** Material for the task **
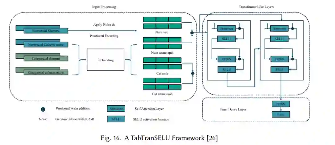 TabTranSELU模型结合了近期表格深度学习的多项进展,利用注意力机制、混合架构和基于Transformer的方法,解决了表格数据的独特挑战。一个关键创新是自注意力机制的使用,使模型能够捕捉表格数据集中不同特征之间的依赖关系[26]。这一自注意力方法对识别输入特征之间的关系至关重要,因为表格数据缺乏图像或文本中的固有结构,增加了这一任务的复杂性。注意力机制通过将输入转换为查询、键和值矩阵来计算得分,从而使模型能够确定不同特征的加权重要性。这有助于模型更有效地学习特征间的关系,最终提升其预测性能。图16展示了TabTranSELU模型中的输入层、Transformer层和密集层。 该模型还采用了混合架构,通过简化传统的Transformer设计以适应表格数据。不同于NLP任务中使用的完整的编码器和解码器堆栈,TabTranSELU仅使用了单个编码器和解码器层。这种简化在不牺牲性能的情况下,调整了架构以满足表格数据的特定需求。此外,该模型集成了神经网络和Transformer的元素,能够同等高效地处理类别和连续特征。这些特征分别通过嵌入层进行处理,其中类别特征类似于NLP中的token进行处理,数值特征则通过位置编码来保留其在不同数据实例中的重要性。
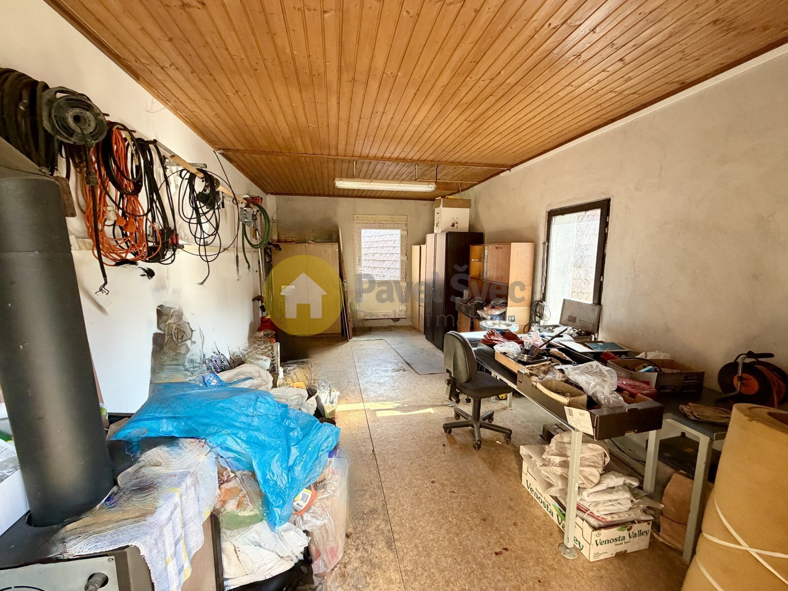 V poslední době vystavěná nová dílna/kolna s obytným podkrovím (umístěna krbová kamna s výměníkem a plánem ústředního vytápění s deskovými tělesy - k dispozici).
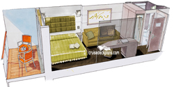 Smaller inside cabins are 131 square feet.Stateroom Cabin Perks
* * *
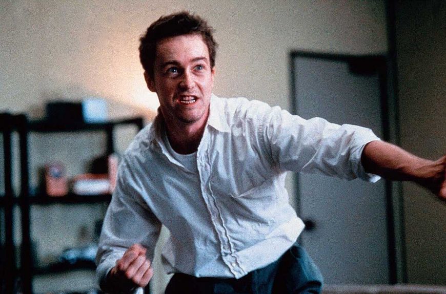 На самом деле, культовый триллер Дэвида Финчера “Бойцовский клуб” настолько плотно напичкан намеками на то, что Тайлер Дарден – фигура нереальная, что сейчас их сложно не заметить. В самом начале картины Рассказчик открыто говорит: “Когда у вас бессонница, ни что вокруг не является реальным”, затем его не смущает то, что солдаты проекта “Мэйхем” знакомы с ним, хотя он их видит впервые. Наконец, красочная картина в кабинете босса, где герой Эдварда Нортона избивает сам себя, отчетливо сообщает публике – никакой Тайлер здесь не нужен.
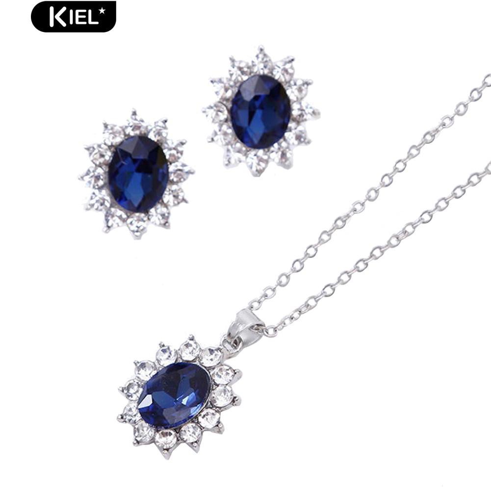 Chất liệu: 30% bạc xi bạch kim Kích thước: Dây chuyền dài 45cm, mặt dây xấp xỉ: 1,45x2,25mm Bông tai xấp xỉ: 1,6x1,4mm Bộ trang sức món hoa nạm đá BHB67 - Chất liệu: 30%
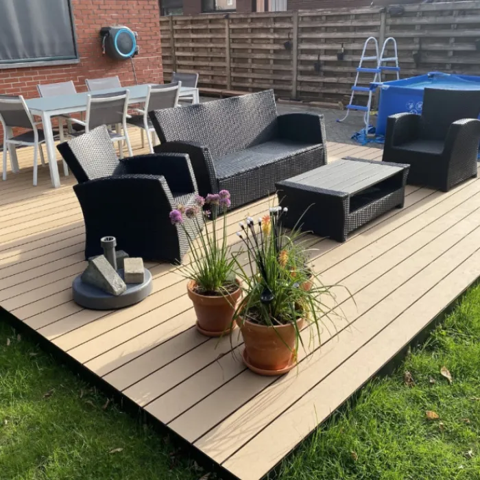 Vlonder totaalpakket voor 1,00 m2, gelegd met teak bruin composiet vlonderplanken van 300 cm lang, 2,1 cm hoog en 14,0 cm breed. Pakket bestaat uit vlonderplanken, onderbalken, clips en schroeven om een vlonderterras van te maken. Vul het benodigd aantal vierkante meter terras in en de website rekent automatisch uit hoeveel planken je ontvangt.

** Problem description **
Word for word, write out the lines above running from the one with "V poslední době" up to and including the one with "Smaller inside cabins". Drop any picture.

** Completed exercise **
 V poslední době vystavěná nová dílna/kolna s obytným podkrovím (umístěna krbová kamna s výměníkem a plánem ústředního vytápění s deskovými tělesy - k dispozici).
 Smaller inside cabins are 131 square feet.Stateroom Cabin Perks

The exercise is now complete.